What you should do
Directions for the data below: repeat exactly the lines from the one with "Buffer在浏览器和出色的" through the one with "С МИКСОМ САЛАТОВ, АВОКАДО, ПЕРЦЕМ И КЕШЬЮ", both included, and omit all pictures.

Recorded information
★ ★ ★ ★ ★ ★ ★

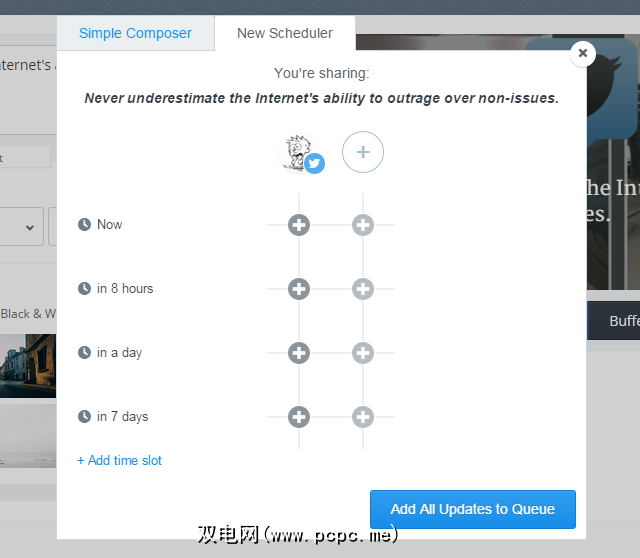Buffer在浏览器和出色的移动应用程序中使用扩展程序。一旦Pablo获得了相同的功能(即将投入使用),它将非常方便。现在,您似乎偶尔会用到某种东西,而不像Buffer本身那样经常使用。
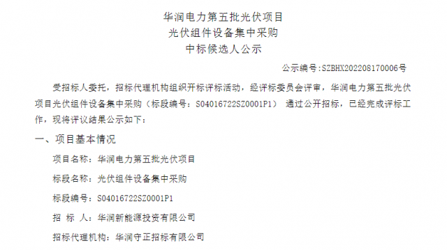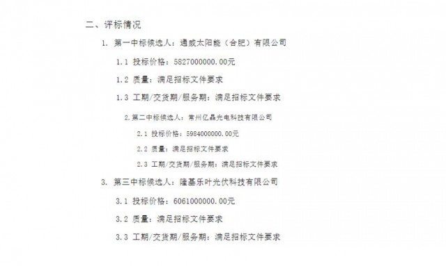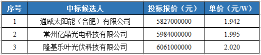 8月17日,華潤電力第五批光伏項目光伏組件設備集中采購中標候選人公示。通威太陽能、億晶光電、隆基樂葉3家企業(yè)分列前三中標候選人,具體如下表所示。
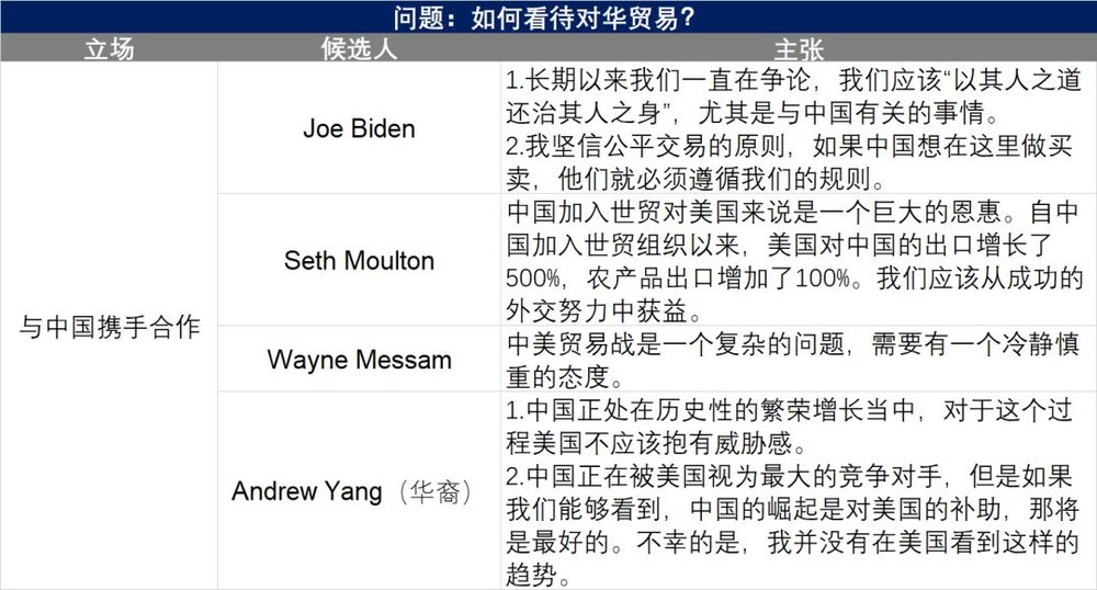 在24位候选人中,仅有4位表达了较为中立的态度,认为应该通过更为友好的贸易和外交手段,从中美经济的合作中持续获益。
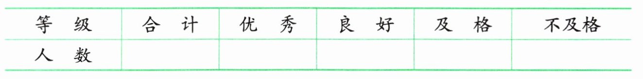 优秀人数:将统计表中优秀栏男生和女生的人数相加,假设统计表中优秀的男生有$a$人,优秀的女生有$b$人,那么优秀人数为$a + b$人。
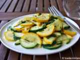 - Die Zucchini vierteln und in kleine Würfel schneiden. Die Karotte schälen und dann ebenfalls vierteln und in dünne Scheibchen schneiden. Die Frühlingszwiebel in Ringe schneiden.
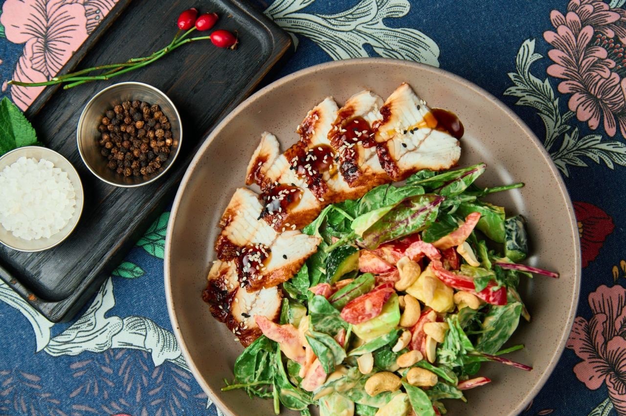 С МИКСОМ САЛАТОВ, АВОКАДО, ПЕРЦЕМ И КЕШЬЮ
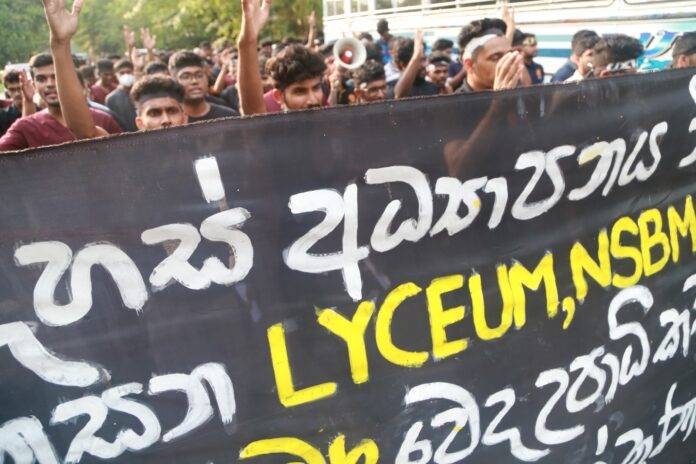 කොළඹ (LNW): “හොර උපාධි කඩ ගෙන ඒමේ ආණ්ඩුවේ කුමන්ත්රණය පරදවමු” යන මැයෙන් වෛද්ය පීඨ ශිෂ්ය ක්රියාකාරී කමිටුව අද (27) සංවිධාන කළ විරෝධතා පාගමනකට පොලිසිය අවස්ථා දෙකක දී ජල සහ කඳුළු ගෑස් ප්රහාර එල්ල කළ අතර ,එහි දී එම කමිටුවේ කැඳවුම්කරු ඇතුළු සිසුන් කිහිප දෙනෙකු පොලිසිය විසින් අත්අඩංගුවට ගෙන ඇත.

★ ★ ★ ★ ★ ★ ★

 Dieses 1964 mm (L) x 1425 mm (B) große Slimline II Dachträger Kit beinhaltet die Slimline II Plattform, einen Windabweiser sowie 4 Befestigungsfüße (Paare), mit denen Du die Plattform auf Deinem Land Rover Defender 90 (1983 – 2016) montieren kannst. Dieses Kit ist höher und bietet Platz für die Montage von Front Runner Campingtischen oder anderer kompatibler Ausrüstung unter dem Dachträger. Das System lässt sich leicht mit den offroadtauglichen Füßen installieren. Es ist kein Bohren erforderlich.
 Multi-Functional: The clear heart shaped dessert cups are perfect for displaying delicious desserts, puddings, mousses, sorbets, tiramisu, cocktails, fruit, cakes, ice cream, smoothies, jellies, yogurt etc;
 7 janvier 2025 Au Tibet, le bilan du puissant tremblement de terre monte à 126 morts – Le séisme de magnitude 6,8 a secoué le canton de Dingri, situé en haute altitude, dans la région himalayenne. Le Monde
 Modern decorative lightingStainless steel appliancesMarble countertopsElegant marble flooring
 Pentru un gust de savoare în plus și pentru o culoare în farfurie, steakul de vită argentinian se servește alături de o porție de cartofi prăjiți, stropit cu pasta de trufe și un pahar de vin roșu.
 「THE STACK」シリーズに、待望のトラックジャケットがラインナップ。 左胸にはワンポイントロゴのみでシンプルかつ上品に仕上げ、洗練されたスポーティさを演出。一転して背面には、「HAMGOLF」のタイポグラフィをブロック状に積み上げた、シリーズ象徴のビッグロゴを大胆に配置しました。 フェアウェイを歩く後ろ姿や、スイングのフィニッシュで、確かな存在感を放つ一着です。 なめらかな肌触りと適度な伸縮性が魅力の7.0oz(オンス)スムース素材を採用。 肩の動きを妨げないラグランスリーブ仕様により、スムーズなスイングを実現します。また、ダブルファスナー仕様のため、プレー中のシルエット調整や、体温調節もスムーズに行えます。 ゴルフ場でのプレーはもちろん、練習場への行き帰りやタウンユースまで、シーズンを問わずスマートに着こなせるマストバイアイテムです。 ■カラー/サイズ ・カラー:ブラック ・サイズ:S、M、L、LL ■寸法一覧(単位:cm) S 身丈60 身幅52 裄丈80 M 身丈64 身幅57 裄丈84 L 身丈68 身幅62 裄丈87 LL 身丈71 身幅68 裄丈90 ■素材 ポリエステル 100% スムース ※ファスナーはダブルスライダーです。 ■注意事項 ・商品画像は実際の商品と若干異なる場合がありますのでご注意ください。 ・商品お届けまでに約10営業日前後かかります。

★ ★ ★ ★ ★ ★ ★

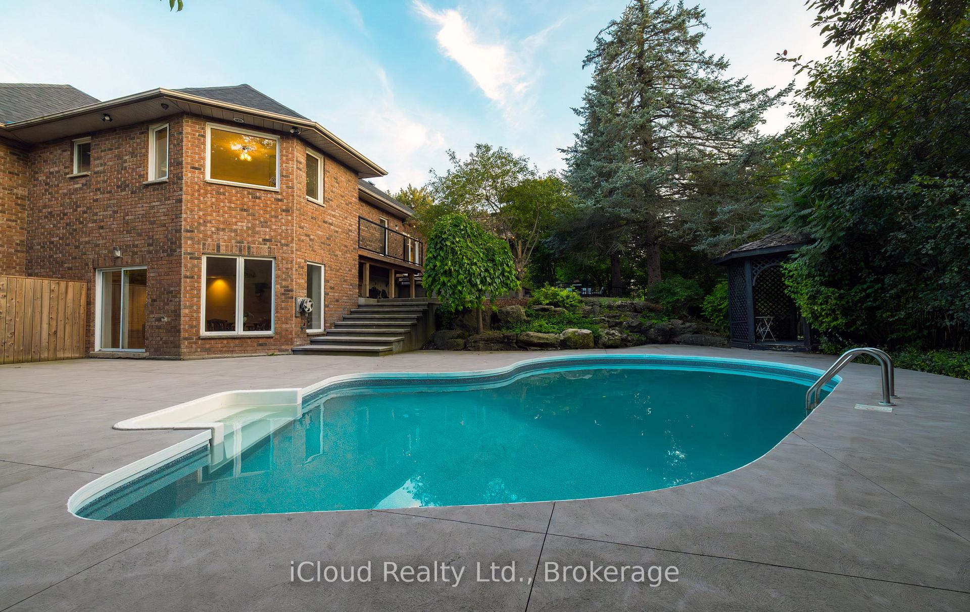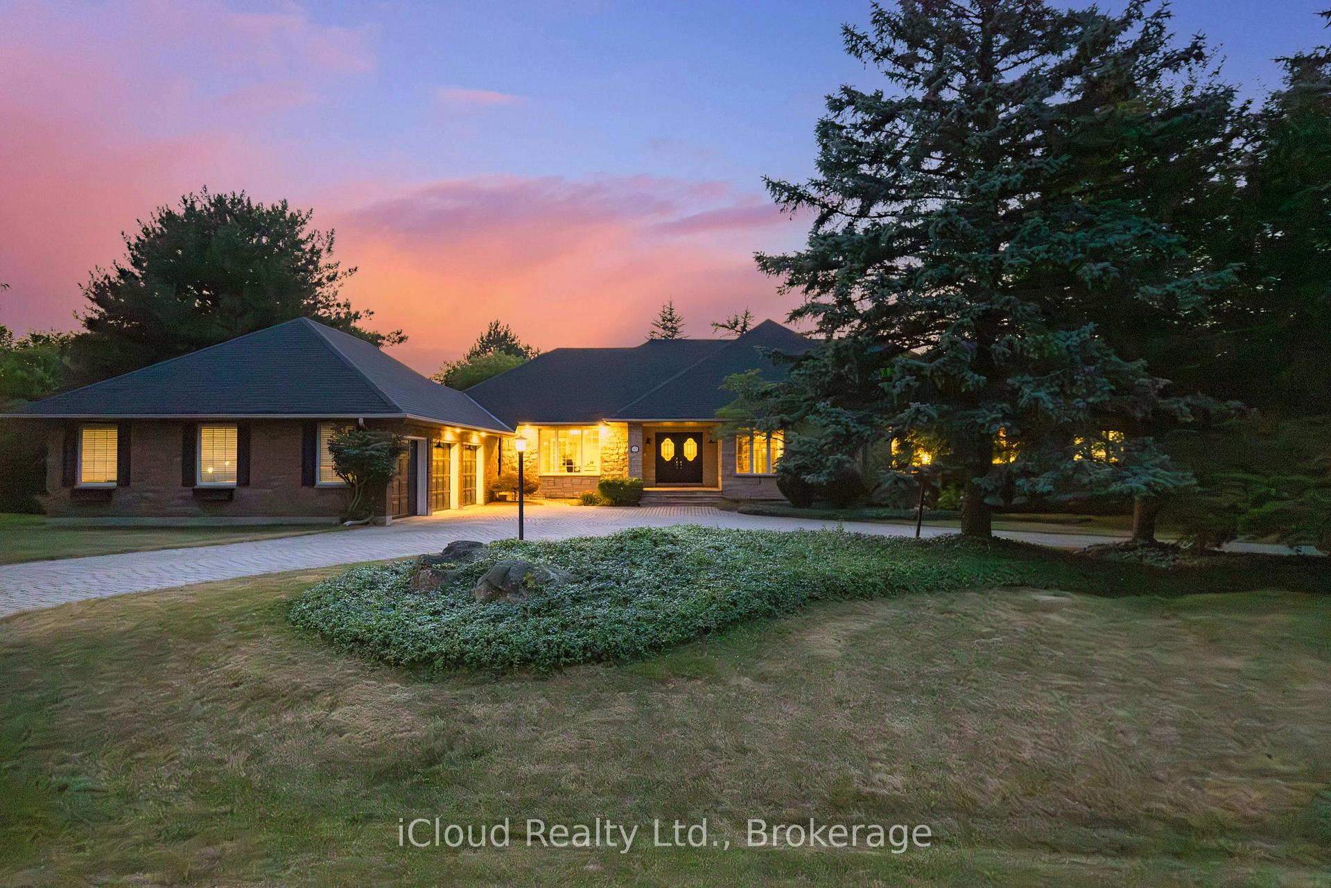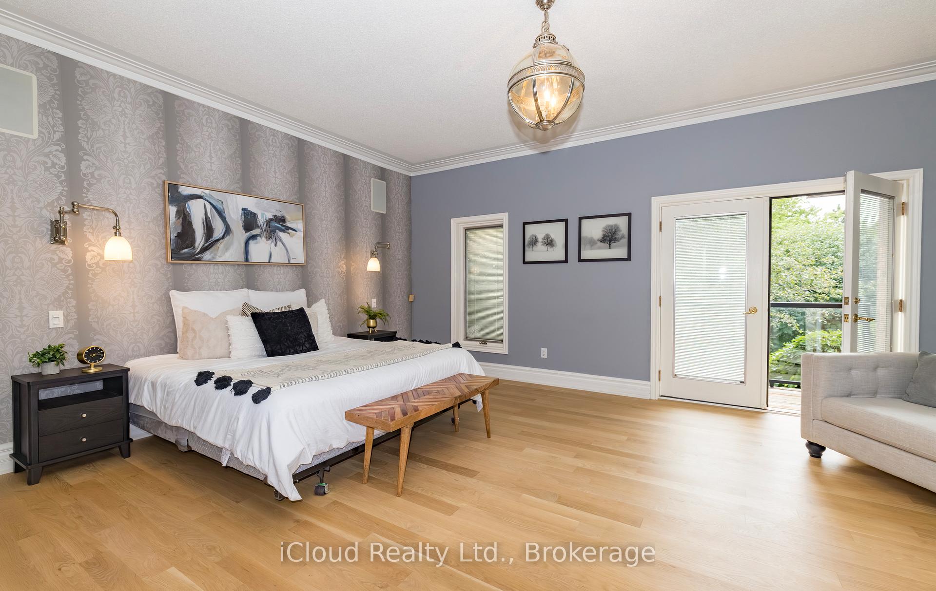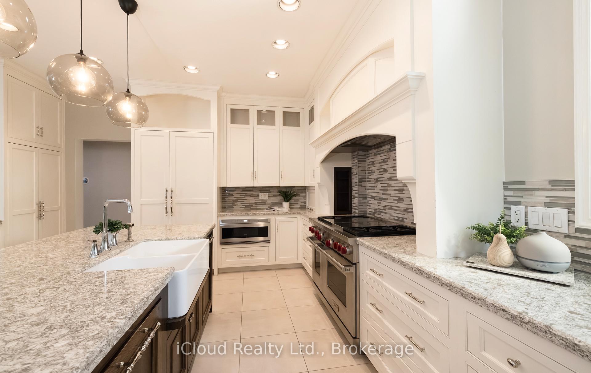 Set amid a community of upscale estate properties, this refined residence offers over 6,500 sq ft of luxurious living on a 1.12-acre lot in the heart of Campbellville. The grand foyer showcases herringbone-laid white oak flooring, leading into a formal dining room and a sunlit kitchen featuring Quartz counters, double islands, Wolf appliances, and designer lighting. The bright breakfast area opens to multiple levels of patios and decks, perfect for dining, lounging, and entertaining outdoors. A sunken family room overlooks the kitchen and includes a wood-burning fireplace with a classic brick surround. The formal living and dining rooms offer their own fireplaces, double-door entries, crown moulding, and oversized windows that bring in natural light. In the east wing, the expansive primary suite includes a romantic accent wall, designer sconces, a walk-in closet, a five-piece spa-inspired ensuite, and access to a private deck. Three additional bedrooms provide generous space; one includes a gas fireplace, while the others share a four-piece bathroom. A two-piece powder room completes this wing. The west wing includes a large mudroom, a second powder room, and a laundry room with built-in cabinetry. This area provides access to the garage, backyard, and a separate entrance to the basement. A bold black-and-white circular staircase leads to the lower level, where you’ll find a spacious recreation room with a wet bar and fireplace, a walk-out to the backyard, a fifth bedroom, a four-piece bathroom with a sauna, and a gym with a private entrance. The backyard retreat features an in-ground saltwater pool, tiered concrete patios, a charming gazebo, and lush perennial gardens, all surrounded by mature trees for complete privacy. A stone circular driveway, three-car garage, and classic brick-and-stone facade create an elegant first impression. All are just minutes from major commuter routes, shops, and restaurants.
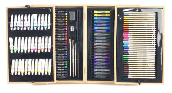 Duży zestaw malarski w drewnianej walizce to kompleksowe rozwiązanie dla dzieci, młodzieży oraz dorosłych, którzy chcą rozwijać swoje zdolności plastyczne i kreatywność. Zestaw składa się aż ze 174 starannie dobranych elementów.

★ ★ ★ ★ ★ ★ ★

Exercise response
Buffer在浏览器和出色的移动应用程序中使用扩展程序。一旦Pablo获得了相同的功能(即将投入使用),它将非常方便。现在,您似乎偶尔会用到某种东西,而不像Buffer本身那样经常使用。
 8月17日,華潤電力第五批光伏項目光伏組件設備集中采購中標候選人公示。通威太陽能、億晶光電、隆基樂葉3家企業(yè)分列前三中標候選人,具體如下表所示。
 在24位候选人中,仅有4位表达了较为中立的态度,认为应该通过更为友好的贸易和外交手段,从中美经济的合作中持续获益。
 优秀人数:将统计表中优秀栏男生和女生的人数相加,假设统计表中优秀的男生有$a$人,优秀的女生有$b$人,那么优秀人数为$a + b$人。
 - Die Zucchini vierteln und in kleine Würfel schneiden. Die Karotte schälen und dann ebenfalls vierteln und in dünne Scheibchen schneiden. Die Frühlingszwiebel in Ringe schneiden.
 С МИКСОМ САЛАТОВ, АВОКАДО, ПЕРЦЕМ И КЕШЬЮ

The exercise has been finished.